RESULTS: DANTE-CAIPI-SPACE+DL showed significantly reduced arterial (1 [1–1.75] versus 3 [3–4], P < .001) and venous flow artifacts (1 [1–2] versus 3 [3–4], P < .001) compared with SPACE. There was no significant difference between DANTE-CAIPI-SPACE+DL and SPACE in terms of image quality, SNR, artifact ratings, and lesion assessment.
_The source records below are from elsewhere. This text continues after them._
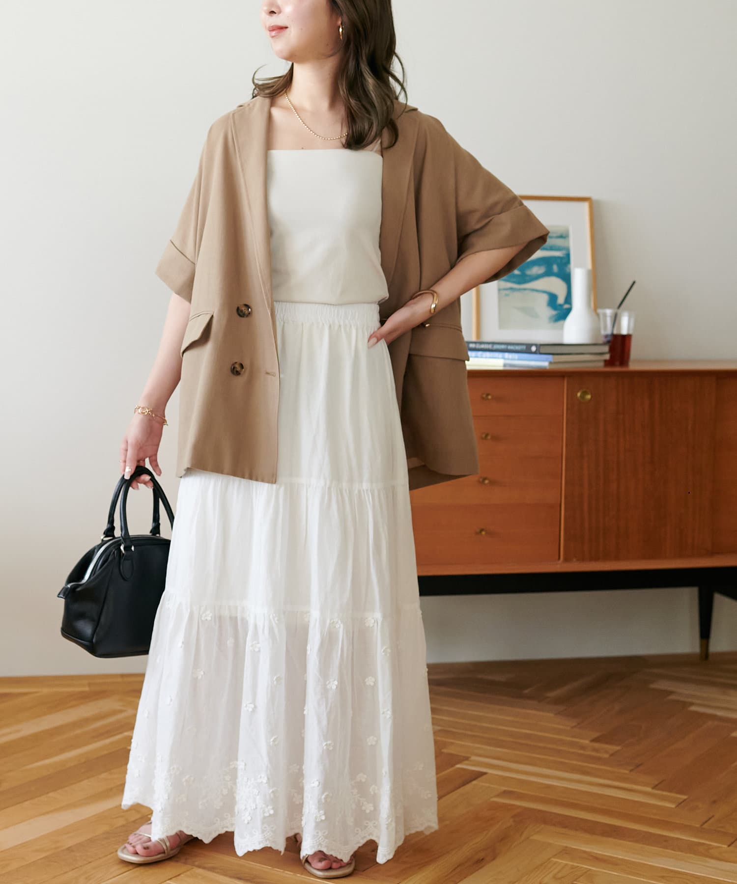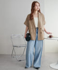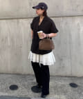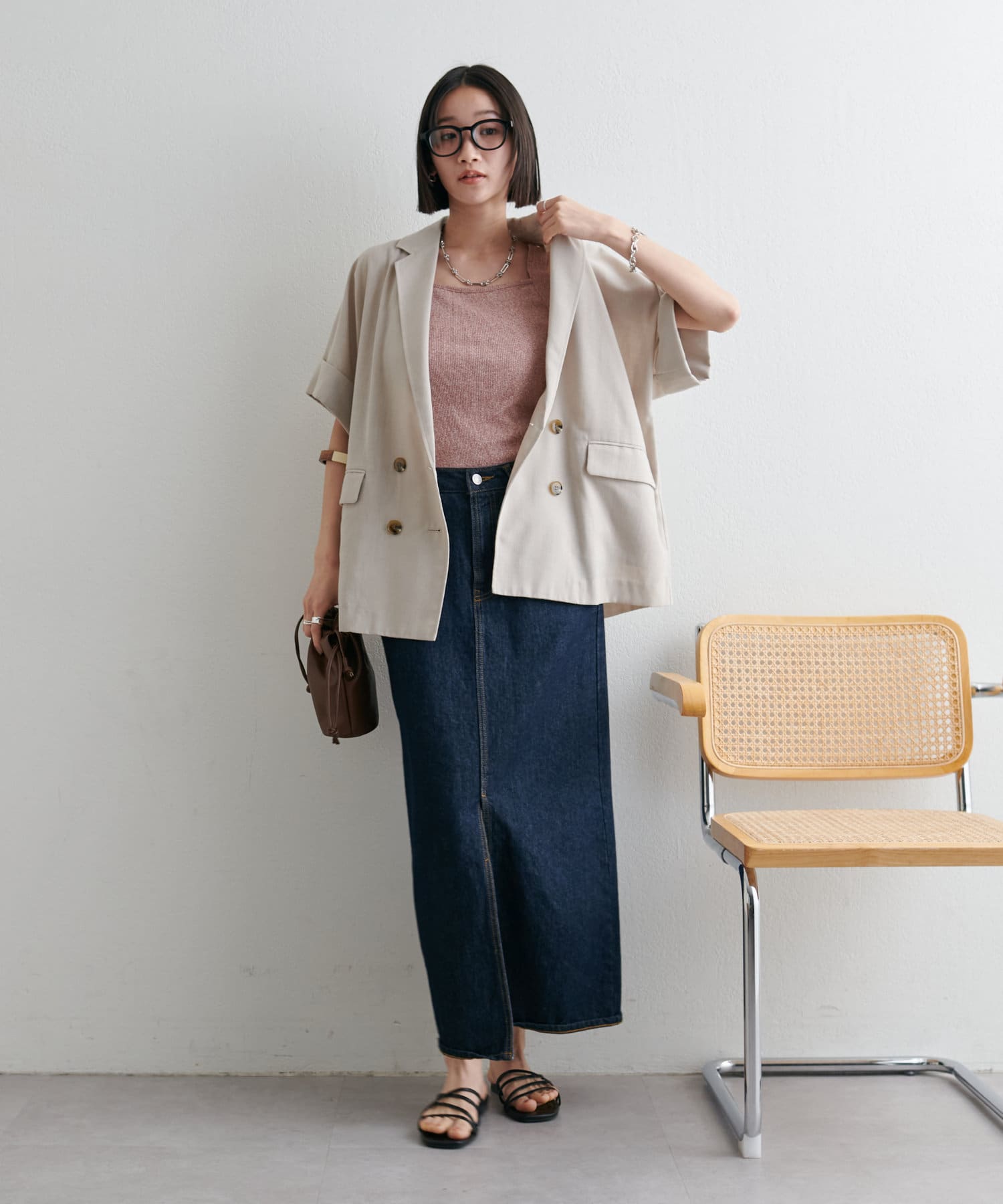 小柄な方はナロースカートやストレートパンツなど、スッキリとしたボトムスと合わせることでメリハリが出ます。
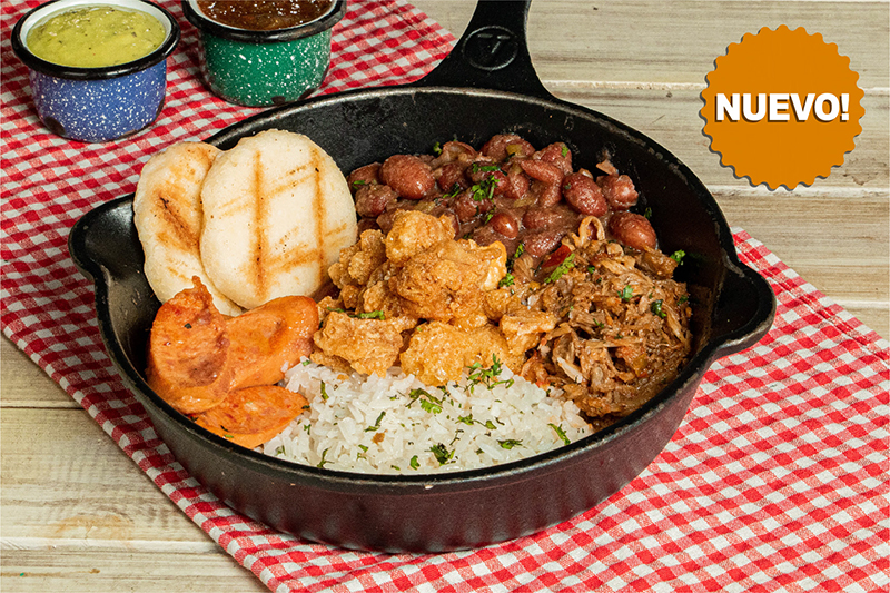 Carne de res desmechada, chorizo salteado a la plancha, chicharrón, frijoles, 2 mini arepitas de maíz, arroz y hogao.
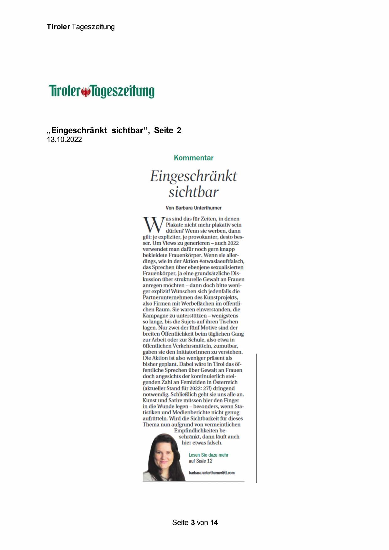 bisher geplant. Dabei wäre in Tirol das öffentliche Sprechen über Gewalt an Frauen
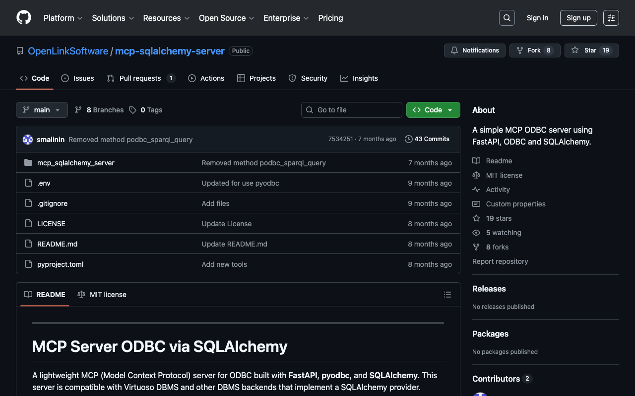 Extend Claude with openlink mcp server sqlalchemy capabilitiesIntegrate external data into AI conversationsAutomate workflows combining Claude with specialized servicesBuild custom AI-powered development tools

For SNR ratings, DANTE-CAIPI-SPACE+DL was significantly better compared with DANTE-CAIPI-SPACE (2 [1–2], versus 3 [2–3], P < .001). No statistically significant differences were found between DANTE-CAIPI-SPACE and DANTE-CAIPI-SPACE+DL for image quality, artifact, arterial blood and venous blood flow artifacts, and lesion assessment. Quantitative vessel wall SNR and CNR median values were significantly higher for DANTE-CAIPI-SPACE+DL (SNR: 9.71, CNR: 4.24) compared with DANTE-CAIPI-SPACE (SNR: 5.50, CNR: 2.64) (P < .001 for each), but there was no significant difference between SPACE (SNR: 10.82, CNR: 5.21) and DANTE-CAIPI-SPACE+DL.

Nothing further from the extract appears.